The testimony and documentary evidence offered by Department Staff at the hearing establishes that Respondents are causing, engaging in or maintaining a condition or activity which presents an imminent danger to the health or welfare of the people of New York State, through the continued operation of Tank No. 10665. Moreover, the record demonstrates that continued operation of Tank No. 10665 is likely to result in irreversible or irreparable damage to the Long Island aquifer, a unique and invaluable natural resource of the State, and irreversible and irreparable damage to at least one of the four active public water supply wells for the Water Authority of Western Nassau, that are located within 1000 feet of the Facility. As a result, continued operation of Tank No. 10665 presents an imminent danger to the health or welfare of the people of the State of New York who use the water from the wells maintained by the Water Authority of Western Nassau.

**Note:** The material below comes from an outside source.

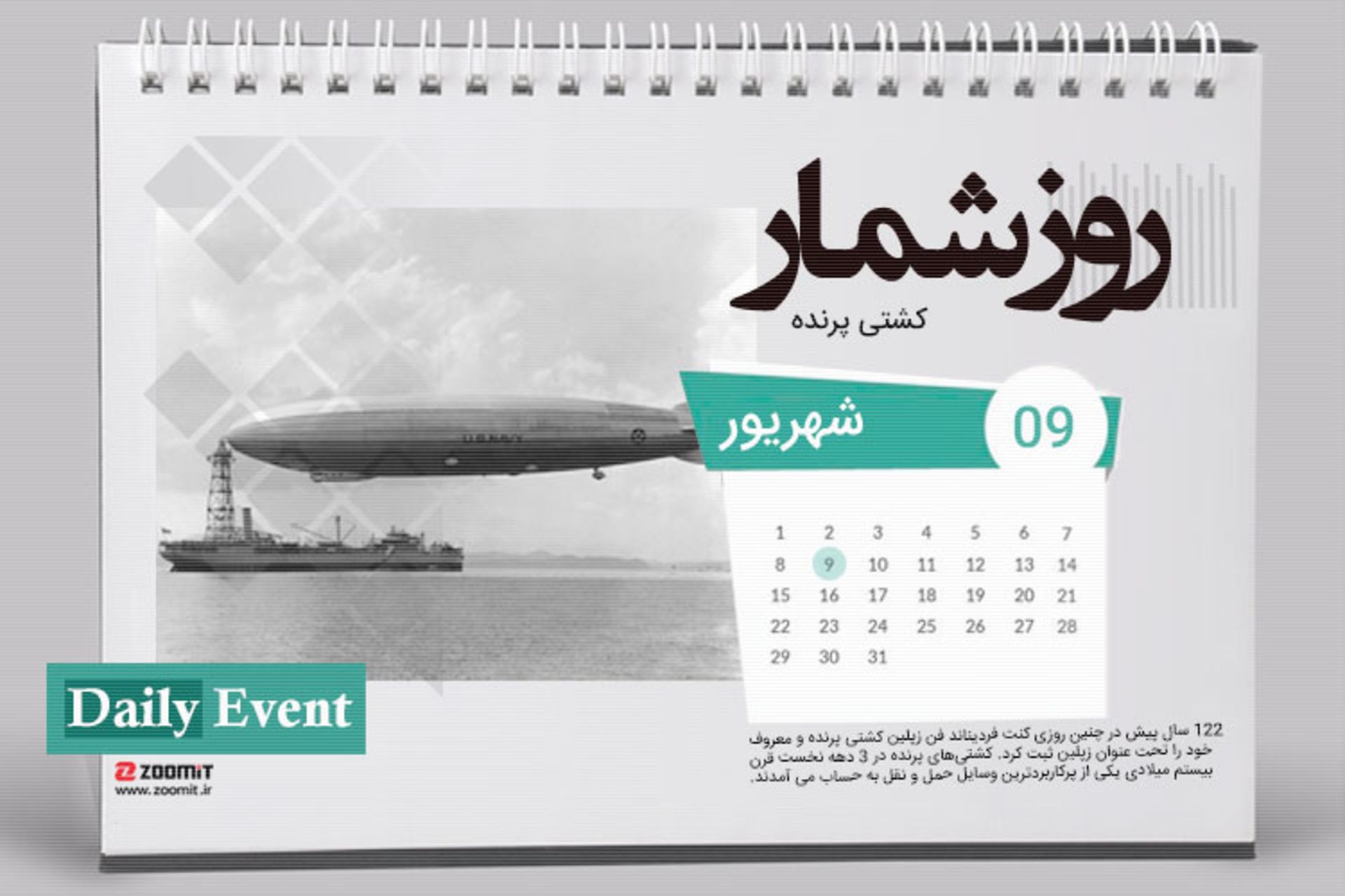 9 شهریور: ثبت اختراع زپلین ، کشتی پرنده
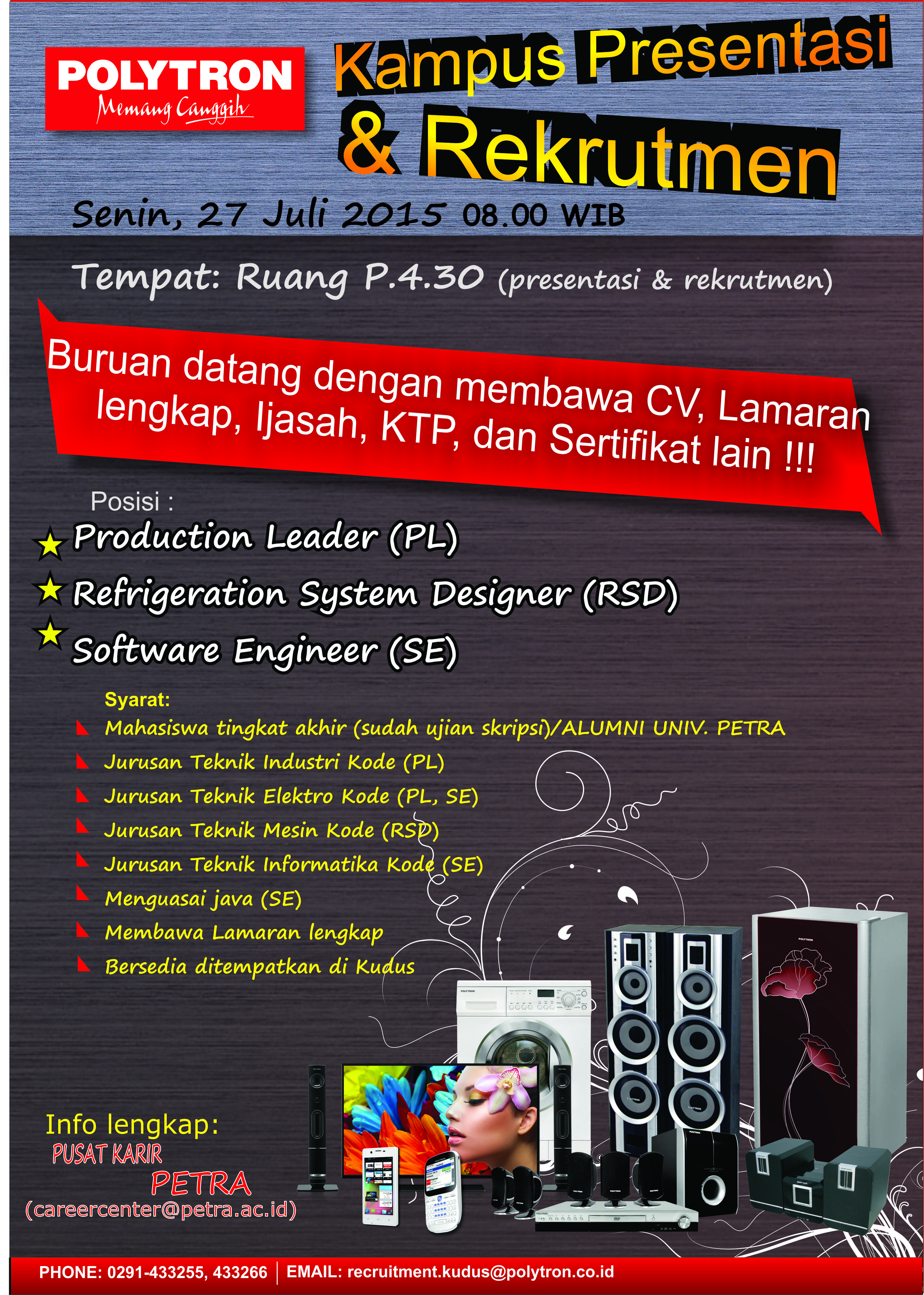 Kampus presentasi & rekrutmen bersama Polytron. Kegiatan diselenggrakan pada hari Senin, 27 Juli 2015 pada pukul 08.00 WIB bertempat di Gedung P ruang P430. Polytron membutuhkan tenaga kerja diposisi production leader (PL), refrigiration system designer (RSD), dan software engineer (SE). Informasi lengkap dapat mengunjungi Pusat Karir Petra.

For the reasons set forth above, the summary abatement order should be continued.

1 On March 4, 2009, Department Staff filed a motion for order without hearing, alleging violations of the Consent Order. That motion, dated February 27, 2009, will be the subject of a separate ruling.

2 Mr. Cirrito testified at the hearing on March 13, 2009 that groundwater at the Facility is approximately 35 feet below grade, and the monitoring well is installed upgradient of the tanks. Transcript at 31.

3 In his testimony at the hearing, Mr. Cirrito stated that he received those documents on October 23, 2007. Transcript at 28.